Data records
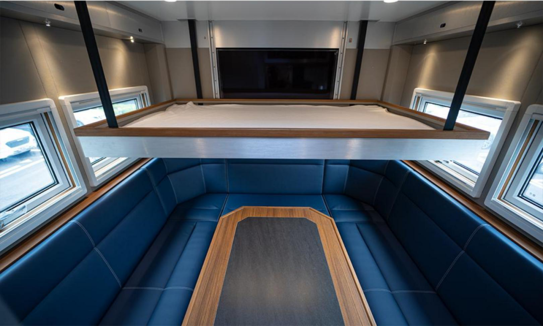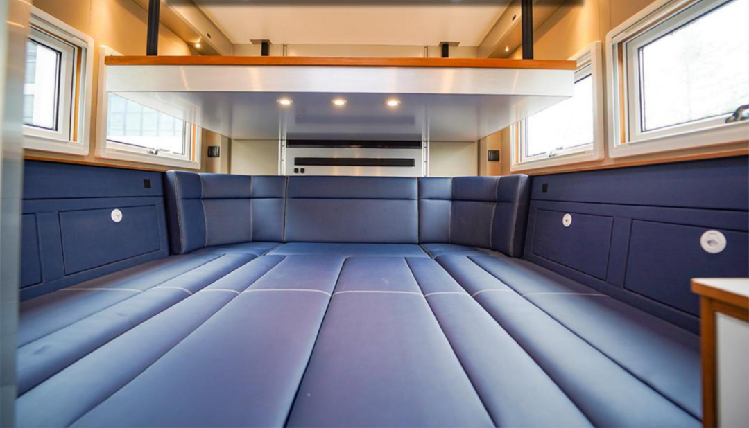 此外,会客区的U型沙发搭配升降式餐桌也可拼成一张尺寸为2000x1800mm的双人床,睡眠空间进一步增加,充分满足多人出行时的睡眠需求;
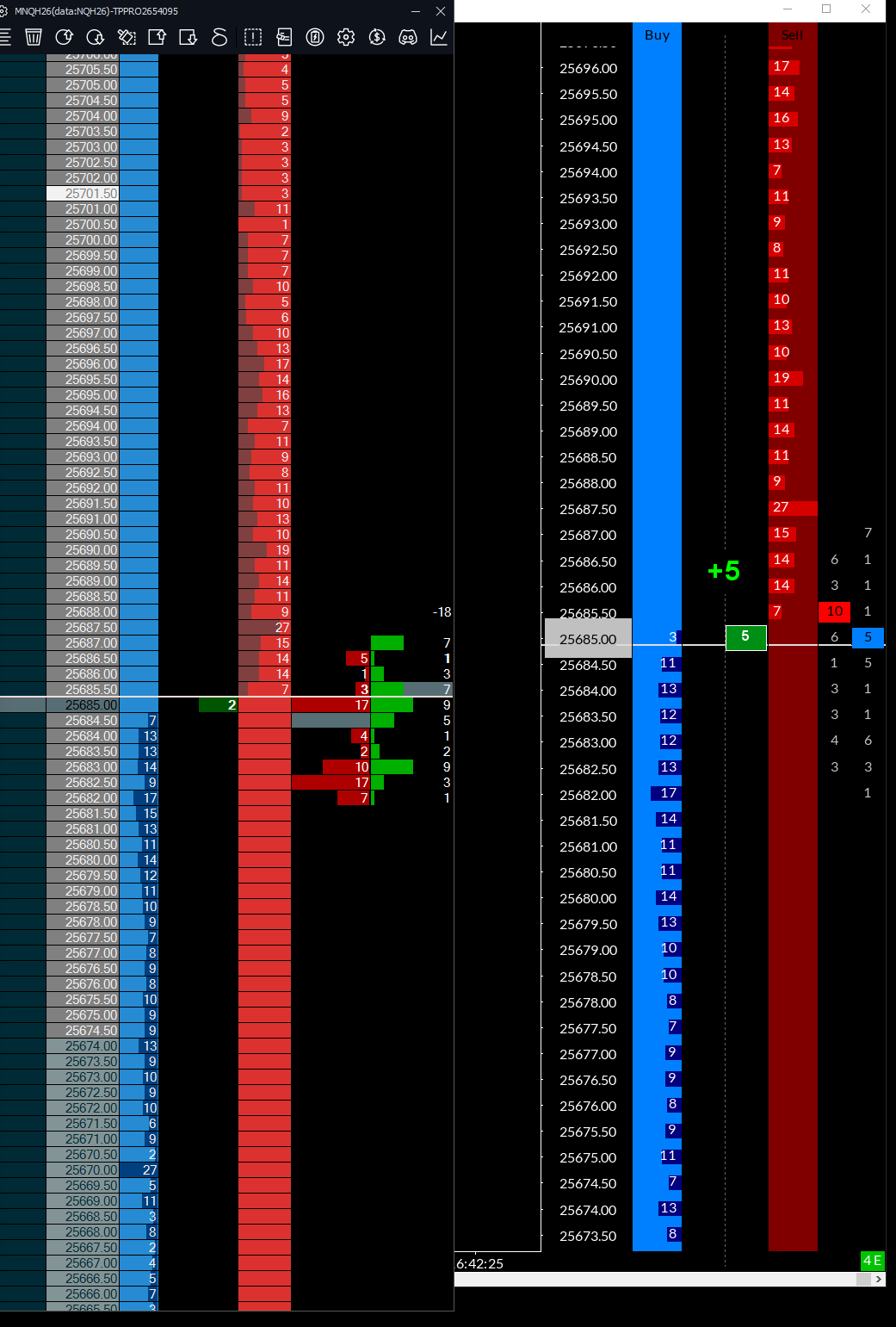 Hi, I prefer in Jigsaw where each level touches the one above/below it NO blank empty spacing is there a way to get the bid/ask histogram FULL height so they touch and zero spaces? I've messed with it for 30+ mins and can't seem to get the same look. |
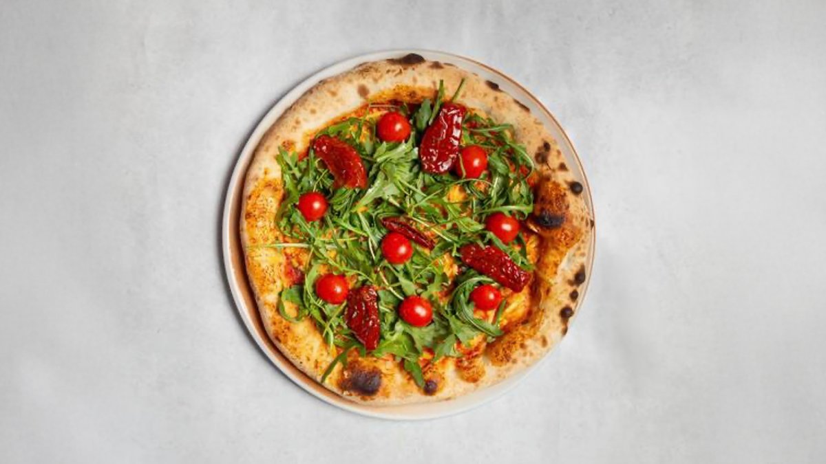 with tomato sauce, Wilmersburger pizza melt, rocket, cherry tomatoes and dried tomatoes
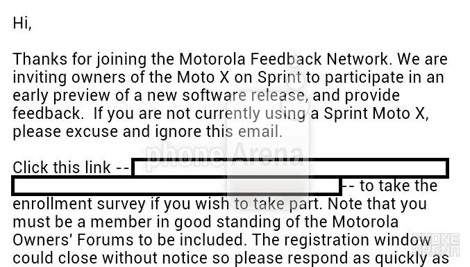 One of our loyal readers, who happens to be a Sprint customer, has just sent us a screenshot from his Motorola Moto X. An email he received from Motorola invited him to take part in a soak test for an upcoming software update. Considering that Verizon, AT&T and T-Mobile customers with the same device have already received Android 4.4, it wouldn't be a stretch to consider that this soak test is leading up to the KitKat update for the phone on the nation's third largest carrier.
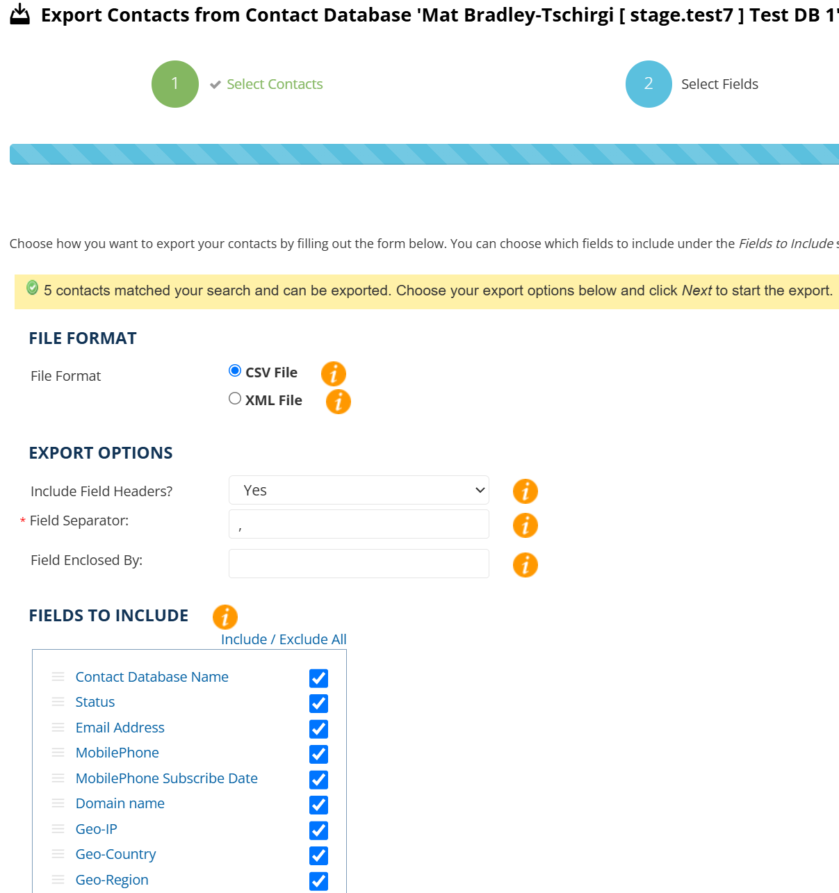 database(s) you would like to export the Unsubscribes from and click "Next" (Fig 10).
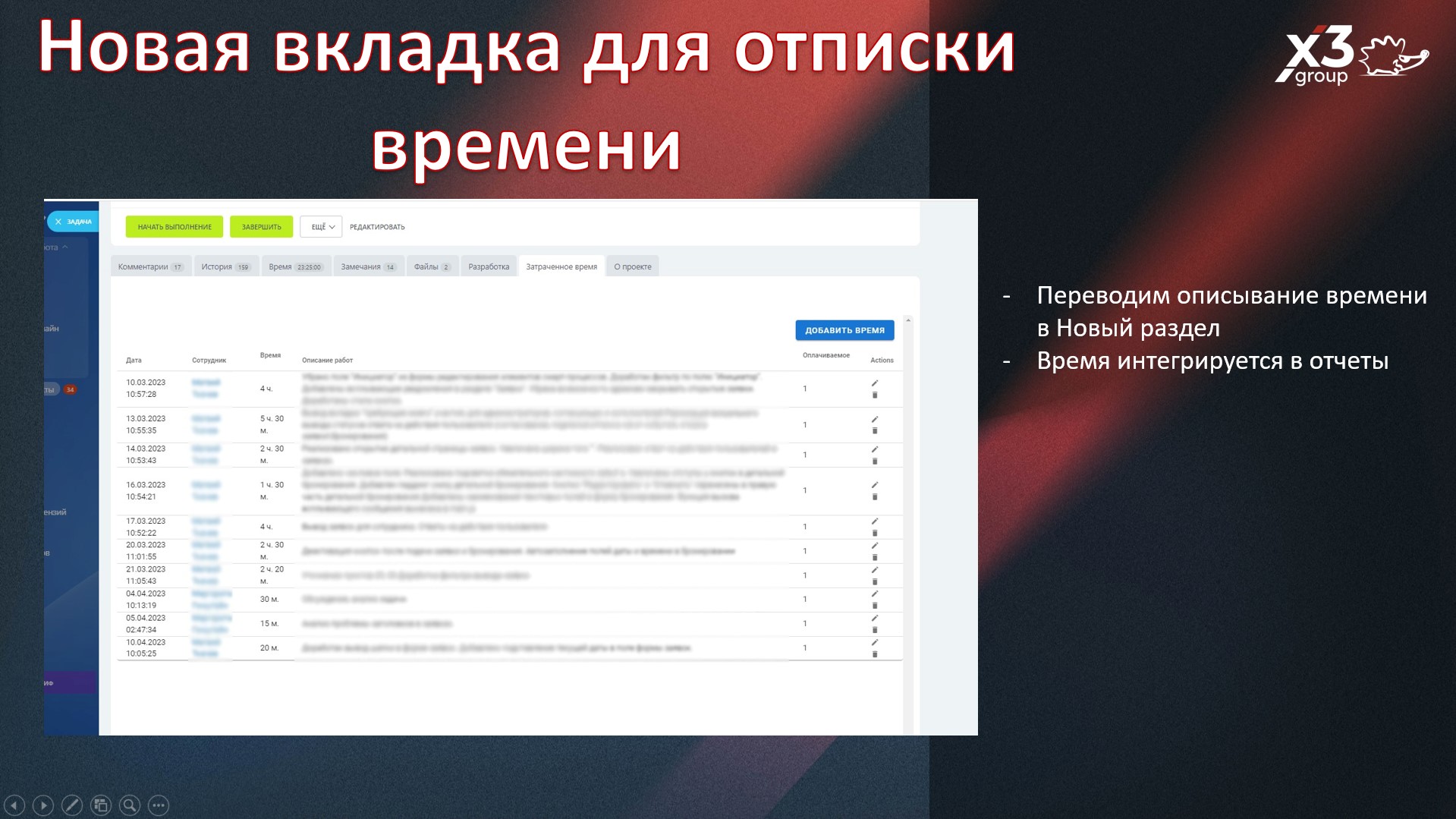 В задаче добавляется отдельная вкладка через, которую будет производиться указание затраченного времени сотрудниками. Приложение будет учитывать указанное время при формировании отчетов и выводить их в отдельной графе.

Task item
Restate the listing word for word, pictures omitted.

Solution for this task
 此外,会客区的U型沙发搭配升降式餐桌也可拼成一张尺寸为2000x1800mm的双人床,睡眠空间进一步增加,充分满足多人出行时的睡眠需求;
 Hi, I prefer in Jigsaw where each level touches the one above/below it NO blank empty spacing is there a way to get the bid/ask histogram FULL height so they touch and zero spaces? I've messed with it for 30+ mins and can't seem to get the same look. |
 with tomato sauce, Wilmersburger pizza melt, rocket, cherry tomatoes and dried tomatoes
 One of our loyal readers, who happens to be a Sprint customer, has just sent us a screenshot from his Motorola Moto X. An email he received from Motorola invited him to take part in a soak test for an upcoming software update. Considering that Verizon, AT&T and T-Mobile customers with the same device have already received Android 4.4, it wouldn't be a stretch to consider that this soak test is leading up to the KitKat update for the phone on the nation's third largest carrier.
 database(s) you would like to export the Unsubscribes from and click "Next" (Fig 10).
 В задаче добавляется отдельная вкладка через, которую будет производиться указание затраченного времени сотрудниками. Приложение будет учитывать указанное время при формировании отчетов и выводить их в отдельной графе.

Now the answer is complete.